The problem
Reproduce precisely the lines of the material below from the line containing "Đồng chí Đào" up to and including its last line. Pictures must not be copied.

Data extract

==============================

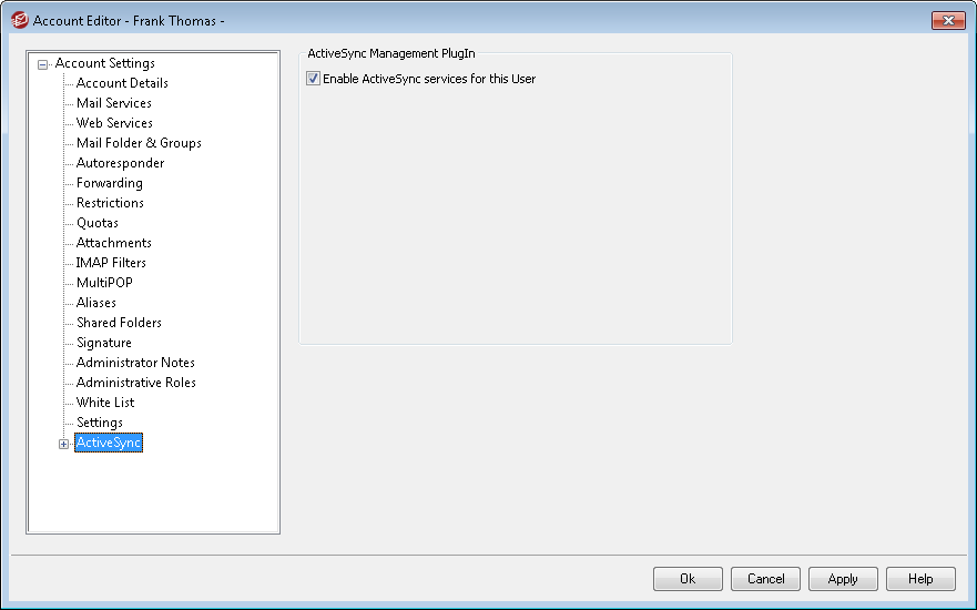 If you wish to allow the account to use an ActiveSync client to access its email and PIM data, enable this option.
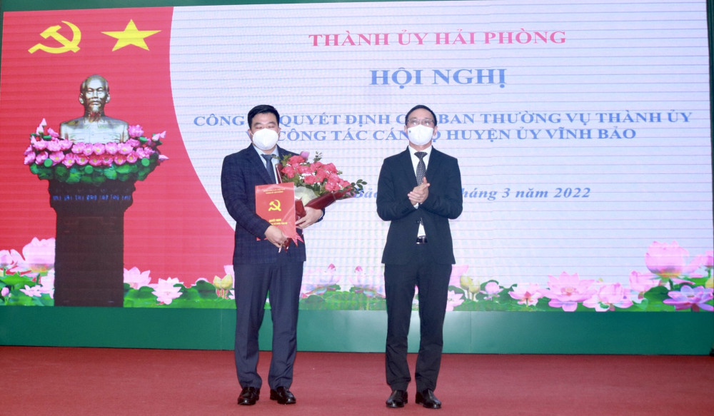 Đồng chí Đào Trọng Đức, Trưởng Ban Tổ chức Thành ủy trao quyết định, tặng hoa và chúc mừng đồng chí Lê Ngọc Lân được phân công nhận nhiệm vụ công tác mới và tin tưởng với trình độ chuyên môn, kinh nghiệm trong quá trình công tác, đồng chí Lân sẽ hoàn thành tốt các nhiệm vụ. Trưởng Ban Tổ chức Thành ủy đề nghị lãnh đạo, cán bộ, công chức huyện Vĩnh Bảo ủng hộ, tạo điều kiện giúp đỡ để đồng chí hoàn thành tốt nhiệm vụ được giao.
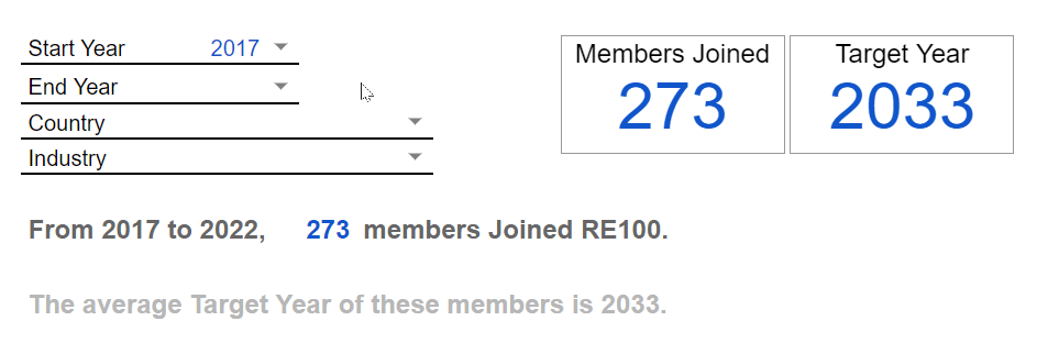 - 필터가 적용됨에 따라 참여 기업 수, 그리고 그 기업들의 평균 목표연도가 자동으로 바뀐다.
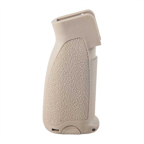 Reduced angle, ergonomically enhanced grips are designed to improve rifle control for shooters preferring the modern, “squared off” stance. Constructed of durable, impact-resistant polymer, they feature a texturized surface for a sure-hold and a water-resistant, hinged door that opens to reveal a small compartment capable of storing batteries or other small items. Two included modular triggerguard inserts (smooth and extended) may be used to close the gap between the triggerguard and grip depending on your preference; inserts also work well on rifles with larger triggerguards. MOD-0 model is similar in size to the standard A1/A2-style grip.

==============================

Result for this exercise
 Đồng chí Đào Trọng Đức, Trưởng Ban Tổ chức Thành ủy trao quyết định, tặng hoa và chúc mừng đồng chí Lê Ngọc Lân được phân công nhận nhiệm vụ công tác mới và tin tưởng với trình độ chuyên môn, kinh nghiệm trong quá trình công tác, đồng chí Lân sẽ hoàn thành tốt các nhiệm vụ. Trưởng Ban Tổ chức Thành ủy đề nghị lãnh đạo, cán bộ, công chức huyện Vĩnh Bảo ủng hộ, tạo điều kiện giúp đỡ để đồng chí hoàn thành tốt nhiệm vụ được giao.
 - 필터가 적용됨에 따라 참여 기업 수, 그리고 그 기업들의 평균 목표연도가 자동으로 바뀐다.
 Reduced angle, ergonomically enhanced grips are designed to improve rifle control for shooters preferring the modern, “squared off” stance. Constructed of durable, impact-resistant polymer, they feature a texturized surface for a sure-hold and a water-resistant, hinged door that opens to reveal a small compartment capable of storing batteries or other small items. Two included modular triggerguard inserts (smooth and extended) may be used to close the gap between the triggerguard and grip depending on your preference; inserts also work well on rifles with larger triggerguards. MOD-0 model is similar in size to the standard A1/A2-style grip.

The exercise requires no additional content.